● **Provided data**
##########

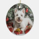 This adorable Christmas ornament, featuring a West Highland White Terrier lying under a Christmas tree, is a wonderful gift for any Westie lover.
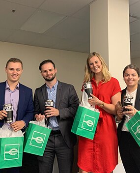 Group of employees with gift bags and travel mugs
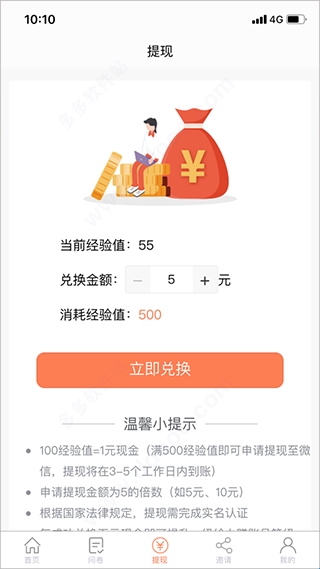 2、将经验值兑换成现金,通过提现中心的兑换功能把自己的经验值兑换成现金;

##########

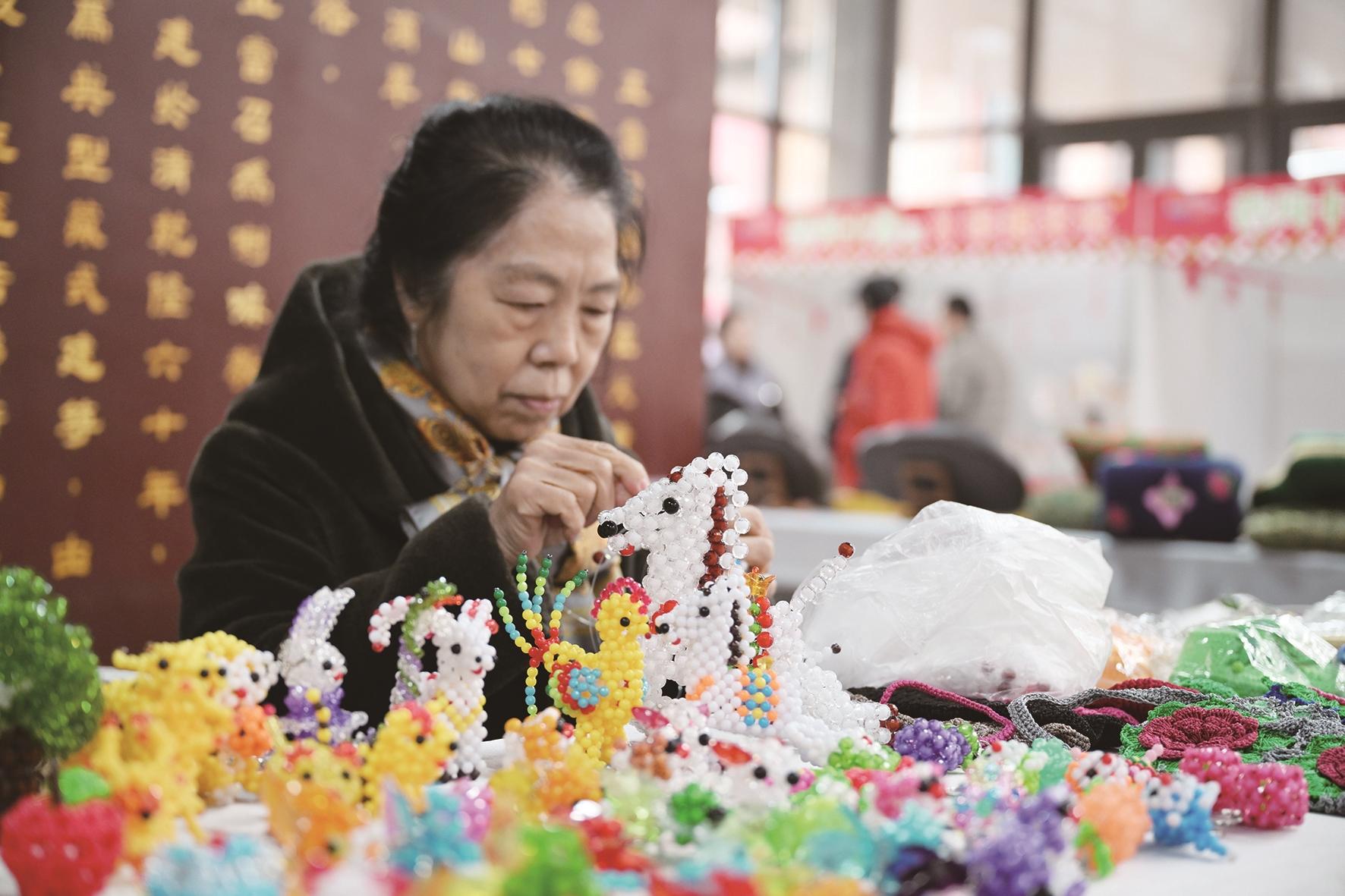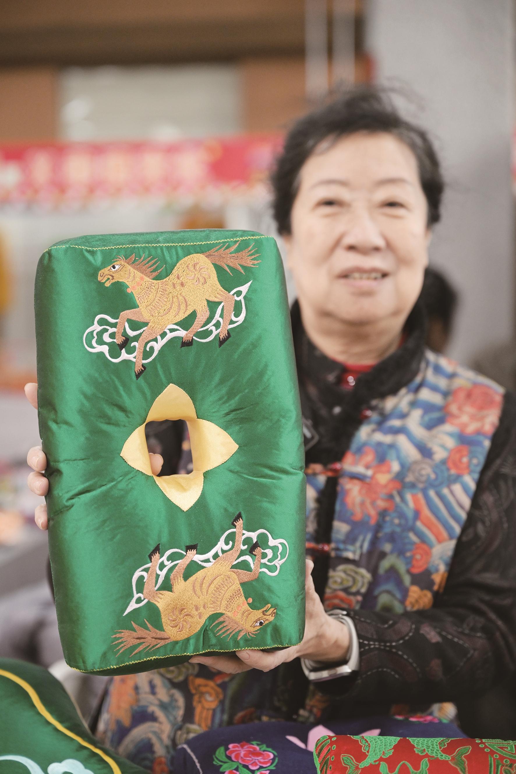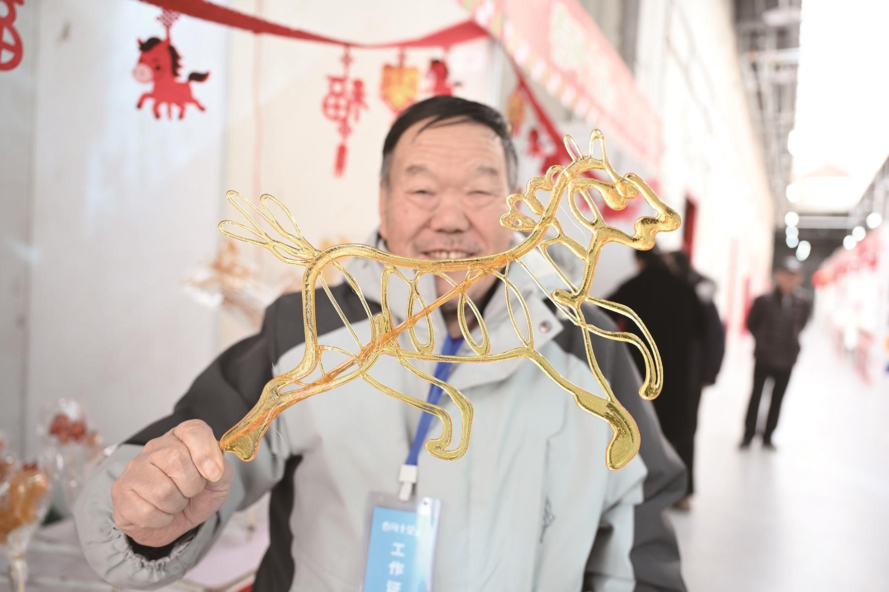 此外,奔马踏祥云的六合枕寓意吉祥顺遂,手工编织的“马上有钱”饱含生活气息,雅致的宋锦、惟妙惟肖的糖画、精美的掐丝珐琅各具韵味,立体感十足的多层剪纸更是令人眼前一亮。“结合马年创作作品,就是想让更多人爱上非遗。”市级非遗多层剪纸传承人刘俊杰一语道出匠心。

##########

● **Assignment**
Repeat exactly the lines above, beginning at the one containing "This adorable Christmas" and ending at the one containing "2、将经验值兑换成现金,通过提现中心的兑换功能把自己的经验值兑换成现金;". Do not carry over any pictures.

● **Task output**
 This adorable Christmas ornament, featuring a West Highland White Terrier lying under a Christmas tree, is a wonderful gift for any Westie lover.
 Group of employees with gift bags and travel mugs
 2、将经验值兑换成现金,通过提现中心的兑换功能把自己的经验值兑换成现金;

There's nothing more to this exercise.